We know that the $n^{th}$ term of a $G.P.$ is given by $T_n = Ar^{n-1}$.
Given that $T_4 = a$,$T_7 = b$,and $T_{10} = c$,we have:
$a = Ar^3$
$b = Ar^6$
$c = Ar^9$
Now,consider the product $ac$:
$ac = (Ar^3)(Ar^9) = A^2r^{12}$
Also,consider $b^2$:
$b^2 = (Ar^6)^2 = A^2r^{12}$
Since $b^2 = A^2r^{12}$ and $ac = A^2r^{12}$,it follows that $b^2 = ac$.
Alternatively,if the indices $p, q, r$ are in $A.P.$,then the $p^{th}, q^{th}, r^{th}$ terms of a $G.P.$ are in $G.P.$. Here,$4, 7, 10$ are in $A.P.$ with a common difference of $3$,therefore $a, b, c$ are in $G.P.$,which implies $b^2 = ac$.

(B) Given that the first term $a = 5$ and the common ratio $r = -5$.
Let the $n^{th}$ term be $3125$.
The formula for the $n^{th}$ term of a $G.P.$ is $a_n = a r^{n-1}$.
Substituting the given values: $5(-5)^{n-1} = 3125$.
Dividing both sides by $5$: $(-5)^{n-1} = 625$.
Since $625 = (-5)^4$,we have $(-5)^{n-1} = (-5)^4$.
Comparing the exponents,$n - 1 = 4$,which gives $n = 5$.
Thus,the $5^{th}$ term is $3125$.

(B) Let the number to be added be $x$.
Then,the numbers $x + 2, x + 14, x + 62$ are in $G.P.$
For three numbers $a, b, c$ to be in $G.P.$,the condition is $b^2 = ac$.
Therefore,$(x + 14)^2 = (x + 2)(x + 62)$.
Expanding both sides: $x^2 + 28x + 196 = x^2 + 64x + 124$.
Subtracting $x^2$ from both sides: $28x + 196 = 64x + 124$.
Rearranging the terms: $196 - 124 = 64x - 28x$.
$72 = 36x$.
$x = 2$.
Thus,adding $2$ to the given numbers results in $4, 16, 64$,which are in $G.P.$ as $16^2 = 4 \times 64$ $(256 = 256)$.

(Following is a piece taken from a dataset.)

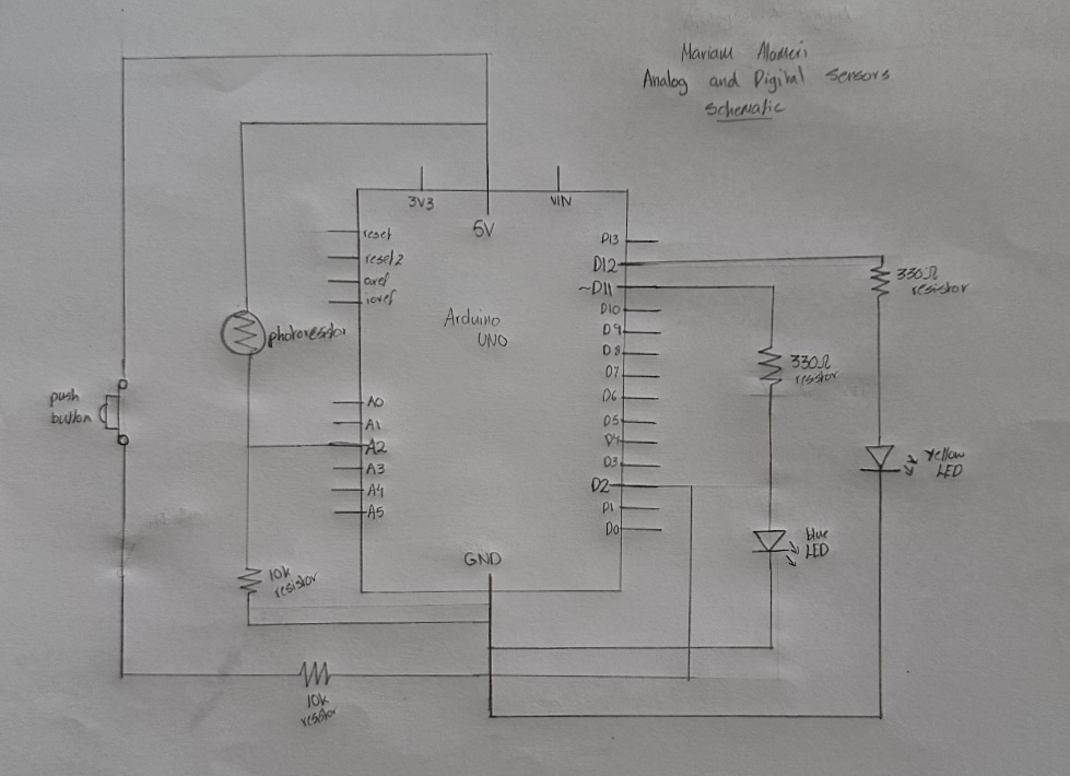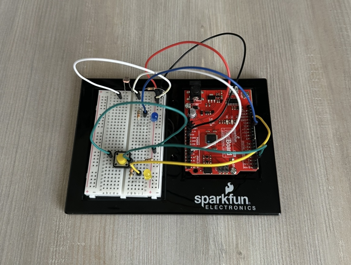 I created an analog system using a photoresistor, where a blue LED lights up in the dark when the surrounding lights are off, in a slow and calm fading manner. I also integrated a digital system using a pushbutton, where a yellow LED turns on and off when it is pressed. The blue light then slowly fades off again when the surrounding environment becomes bright.

(B) Given that the $(p + q)^{th}$ term $T_{p+q} = ar^{p+q-1} = m$ and the $(p - q)^{th}$ term $T_{p-q} = ar^{p-q-1} = n$.
Dividing the two equations:
$\frac{T_{p+q}}{T_{p-q}} = \frac{ar^{p+q-1}}{ar^{p-q-1}} = r^{(p+q-1) - (p-q-1)} = r^{2q} = \frac{m}{n}$.
Thus,$r^{2q} = \frac{m}{n} \Rightarrow r = (\frac{m}{n})^{1/(2q)}$.
The $p^{th}$ term is $T_p = ar^{p-1}$.
Since $T_{p+q} = ar^{p-1} \cdot r^q = m$,we have $T_p \cdot r^q = m \Rightarrow T_p = \frac{m}{r^q}$.
Since $T_{p-q} = ar^{p-1} \cdot r^{-q} = n$,we have $T_p \cdot r^{-q} = n \Rightarrow T_p = n \cdot r^q$.
Multiplying these two expressions for $T_p$:
$T_p^2 = (\frac{m}{r^q}) \cdot (n \cdot r^q) = mn$.
Therefore,$T_p = \sqrt{mn}$.
Alternatively: In a $G.P.$,the $p^{th}$ term is the geometric mean of the terms equidistant from it. Since $(p+q)$ and $(p-q)$ are equidistant from $p$,the $p^{th}$ term is $\sqrt{T_{p+q} \cdot T_{p-q}} = \sqrt{mn}$.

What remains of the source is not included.